- What to work on -
Using the listing below, set down exactly the lines from the one that contains "Gypsies & Moondust" through the one that contains "Green 2026 Subaru", with no pictures.

- Supplied material -
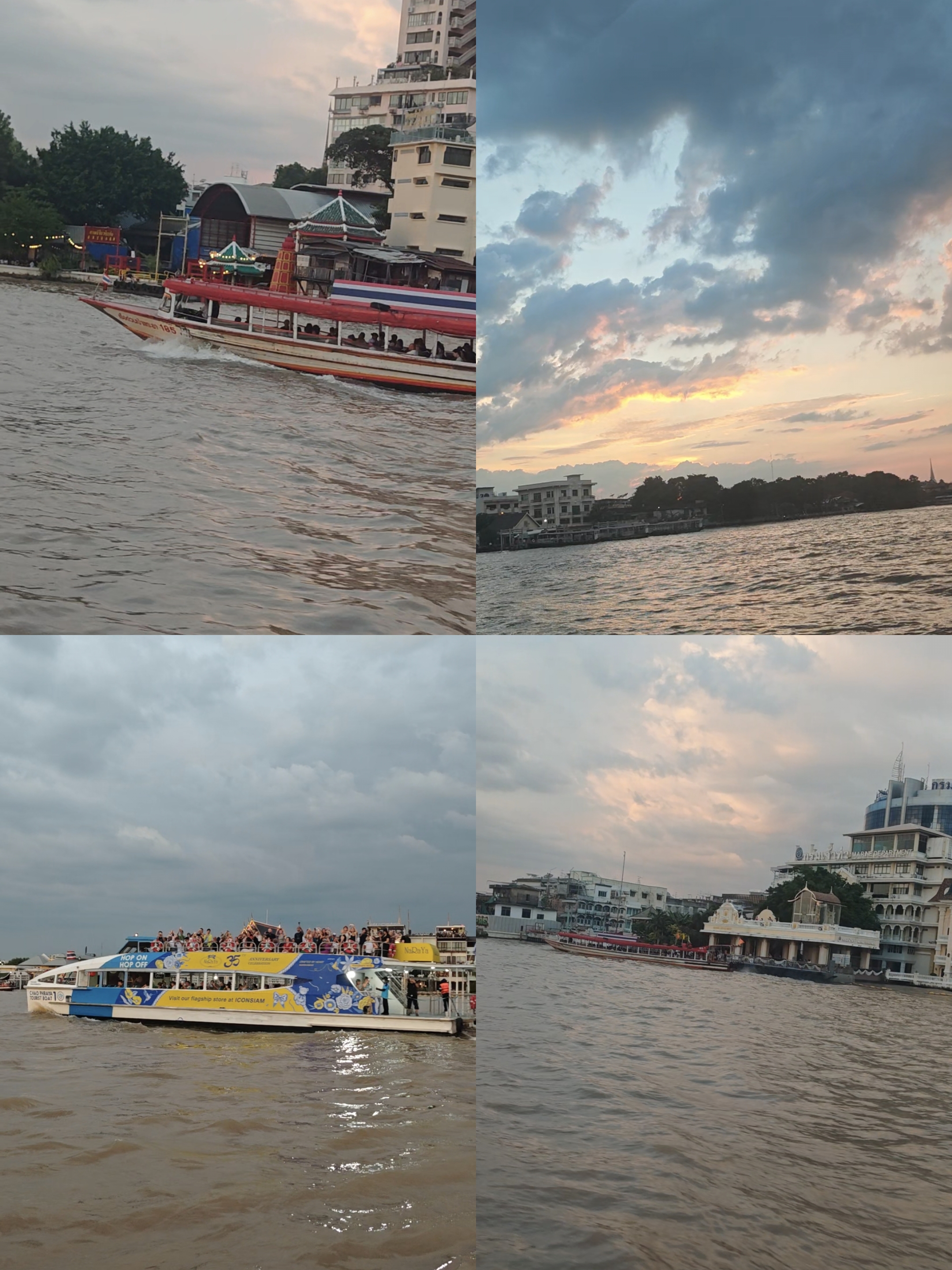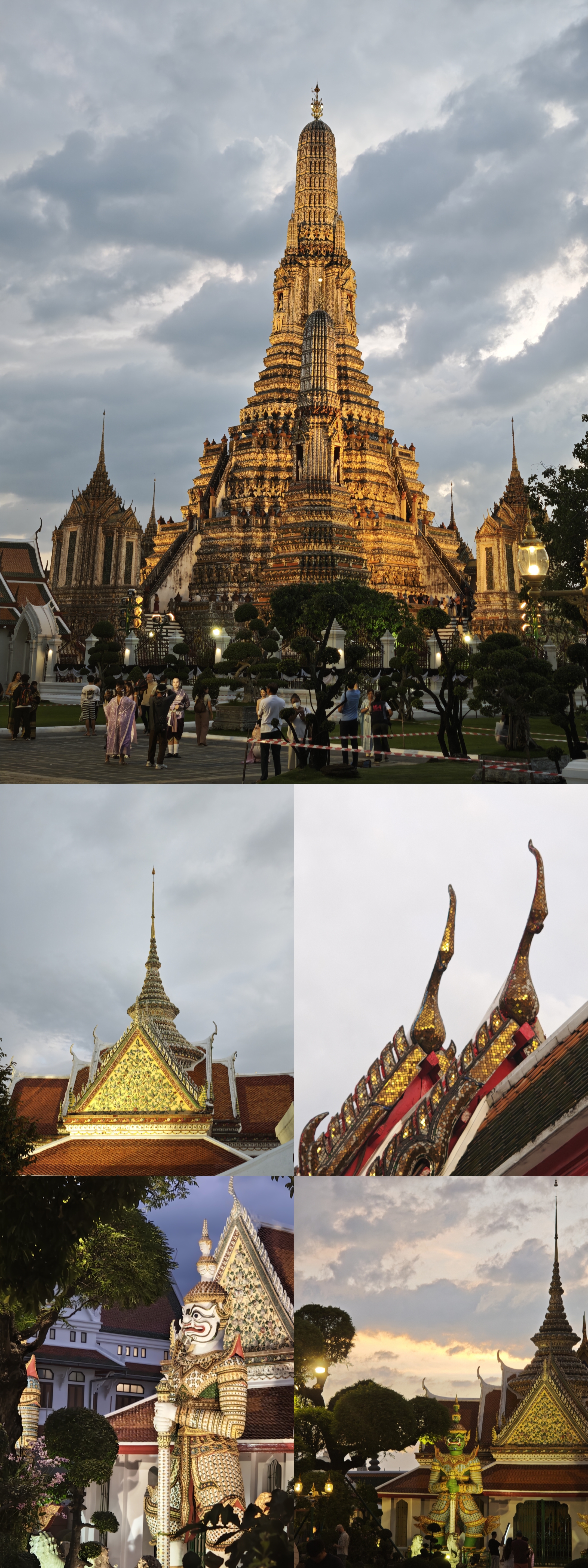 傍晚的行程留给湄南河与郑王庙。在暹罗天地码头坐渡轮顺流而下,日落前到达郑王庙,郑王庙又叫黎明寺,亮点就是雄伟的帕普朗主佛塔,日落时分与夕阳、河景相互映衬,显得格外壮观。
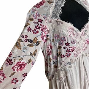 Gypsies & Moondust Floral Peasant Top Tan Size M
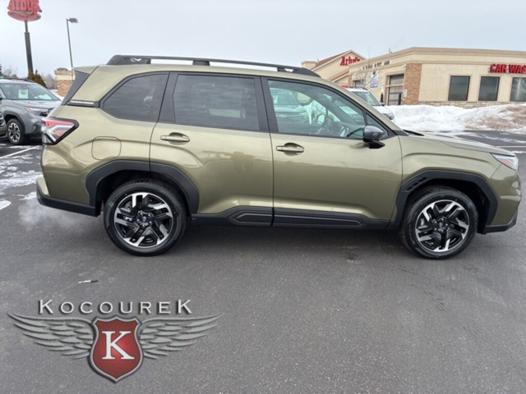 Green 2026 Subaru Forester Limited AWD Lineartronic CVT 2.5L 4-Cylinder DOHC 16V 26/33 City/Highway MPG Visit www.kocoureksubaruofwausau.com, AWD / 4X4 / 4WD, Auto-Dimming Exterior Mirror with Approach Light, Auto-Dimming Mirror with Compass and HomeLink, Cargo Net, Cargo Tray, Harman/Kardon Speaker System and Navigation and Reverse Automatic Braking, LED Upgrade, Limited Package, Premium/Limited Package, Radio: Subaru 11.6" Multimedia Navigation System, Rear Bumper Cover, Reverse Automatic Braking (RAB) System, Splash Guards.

* * *

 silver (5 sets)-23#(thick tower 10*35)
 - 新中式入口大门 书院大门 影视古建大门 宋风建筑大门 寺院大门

- Solution to this exercise -
 Gypsies & Moondust Floral Peasant Top Tan Size M
 Green 2026 Subaru Forester Limited AWD Lineartronic CVT 2.5L 4-Cylinder DOHC 16V 26/33 City/Highway MPG Visit www.kocoureksubaruofwausau.com, AWD / 4X4 / 4WD, Auto-Dimming Exterior Mirror with Approach Light, Auto-Dimming Mirror with Compass and HomeLink, Cargo Net, Cargo Tray, Harman/Kardon Speaker System and Navigation and Reverse Automatic Braking, LED Upgrade, Limited Package, Premium/Limited Package, Radio: Subaru 11.6" Multimedia Navigation System, Rear Bumper Cover, Reverse Automatic Braking (RAB) System, Splash Guards.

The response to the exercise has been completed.